İkincisi ise asıl konumuz ve meramımız bu sınıf içindir. Yani hem dünyaya tamamen bağlanamıyorlar hem de ondan kopamıyorlar. Gaflet ehlidir bunlar. Yani bir gelgit, med cezir hali yaşıyorlar. Camide, hacda, zekatta ve oruçta bunları görürsün. Birde bakarsın ki zevkte, sefada, eğlencede, günahtadırlar.

Bir bakarsın cihat meydanında atlarını dörtnala sürerler, bir de bakarsın tembellik ve dünyaya dalmış gaflet gömleğini giymişler. Dünyayla nikah kıymamışlar ama flört etmekte bir beis görmemektedirler. İslam toplumu ve ehli iman içinde bu durumda olan epey bir kesim vardır.

Üçüncüsü ise ehli takva, ehli ukba olan ve dünyaya -tabiri caizse- beş kuruş paha biçmeyen, ona dönmeyen; bilakis dünyanın onların peşinde koştuğu kesimdir. Bunlar da dünyada yaşıyor ama tam tersi hareket ediyorlar. Dünyayı hizmetlerine koymuş ahirete ulaşmak için ondan istifade ediyorlar.

Adeta dünyayı kullanıyorlar. Dünya ne kadar onlara gülse, göz kırpsa, onlar Allah'ı hatırlar, ukbaya dalar, rızayı düşünür arzularına gem vururlar. Onlar verdikleri sözde dururlar, başladıkları bir işi bitirirler, düştükleri yerden kalkmasını bilirler ama dünyaya asla gaflet gösterip meyletmezler. Onlar Allah taraftarıdırlar. Dünya, nefis, şeytan ve şeytanın dostlarını hiç sevmezler. Üstadın tabiri ile onlar 'terk-i dünya terk-i ukba terk-i hestî terki terk' makamındadırlar. Ve onlar azınlıktadırlar, ne mutlu onlara…

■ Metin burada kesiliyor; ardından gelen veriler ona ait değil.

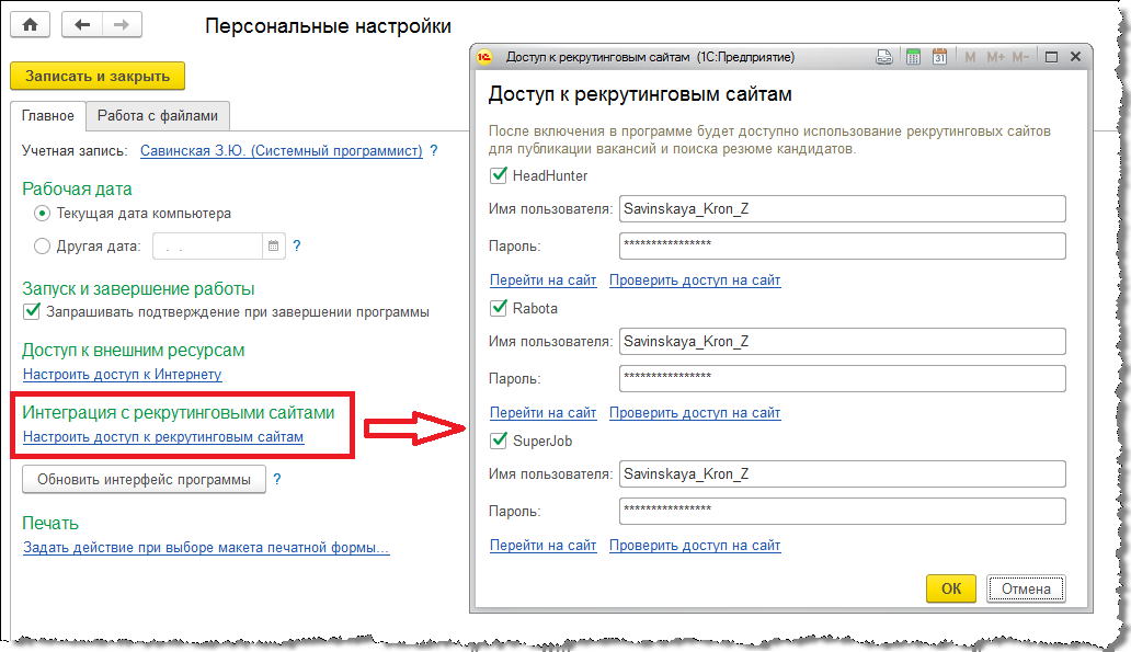 Если в настройках управления персоналом включена опция Использовать интеграцию с рекрутинговыми сайтами и права пользователя предполагают взаимодействие с рекрутинговыми сайтами, в персональных настройках пользователя становится возможным указать параметры подключения.
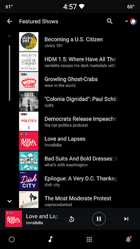 * Easy access to the full catalog of NPR and local station shows and podcasts
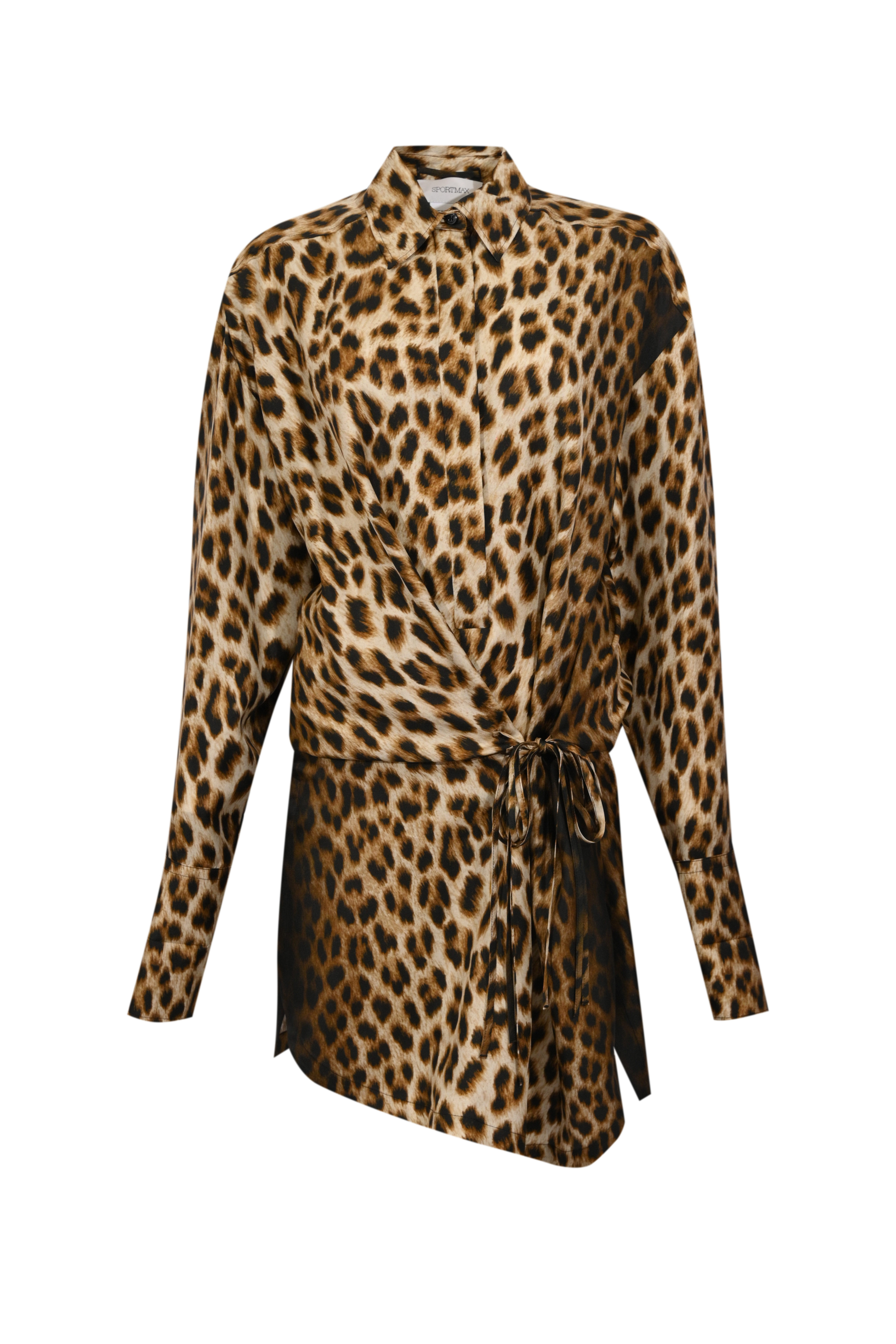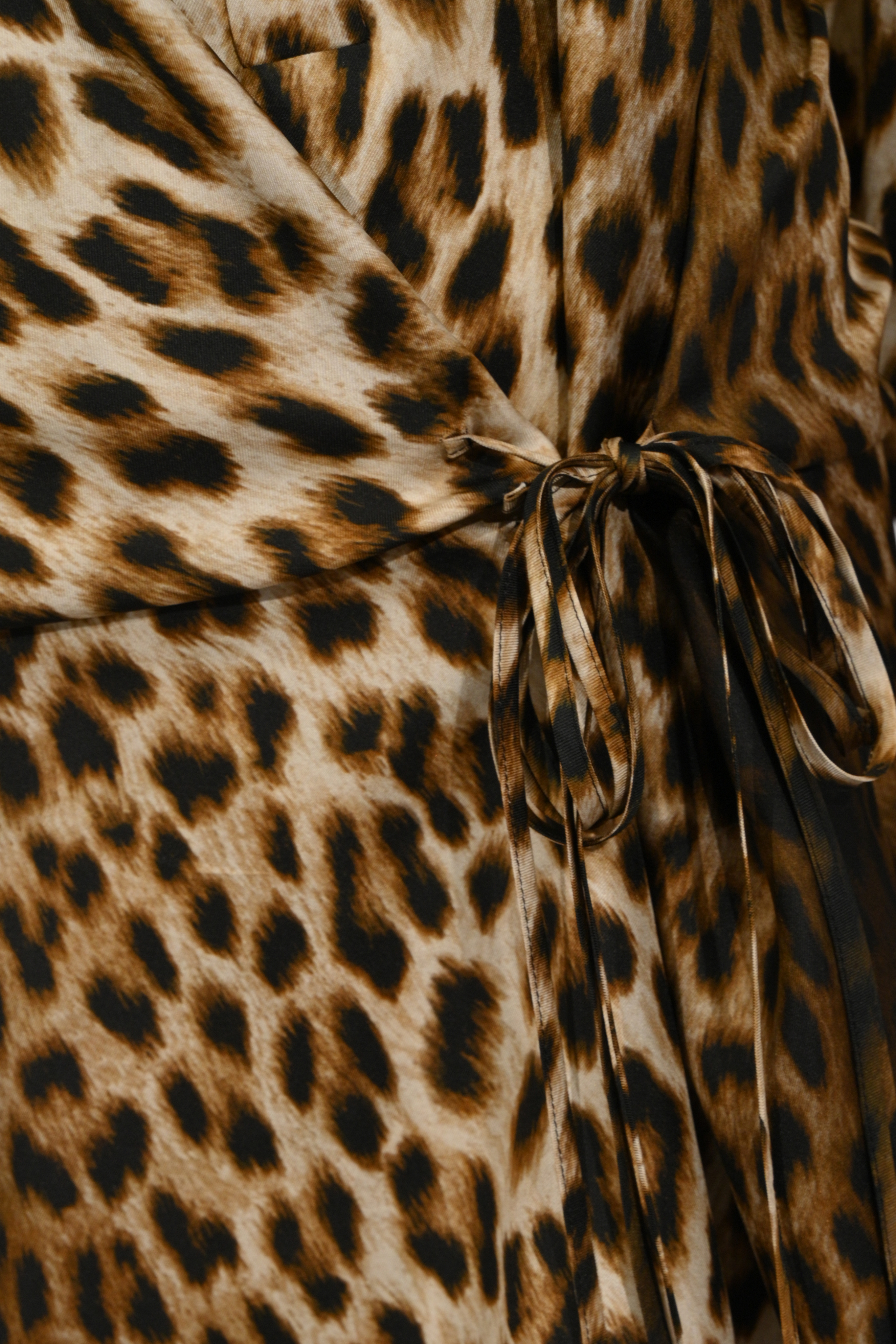 - Dettagli: design chemisier incrociato con cintura in vita, stampa leopardata

Sonuç olarak dünyaya hiçbir paha biçilmemeli, hiçbir mehir verilmemeli ve ona evlenme teklifi asla yapılmamalı, tabiri caizse yüzüne bakılmamalıdır. Onun üzerinde onun için ter dökmemeli, dökülecek terler ukbaya ait olmalı, öteye dönük olmalıdır. Yani ahirete, rızayı İlahi ve onun çabası içinde olunmalıdır. Dünyanın kendisi geçici olduğunu söylerken, zevklerinin kalıcı olmadığını görürken ona yönelmenin bir izahı yoktur.

Ey Müslüman ve ey mücahit, dünya senin imanını istiyor. Seni kendine kul köle yapmak istiyor. Sen sakın ona aldanma, bu koca karıya değil mehir, iltifat bir tebessüm bile göstermemelisin. Onu kendine köle ve hizmetkar edinceye kadar çalışmalısın.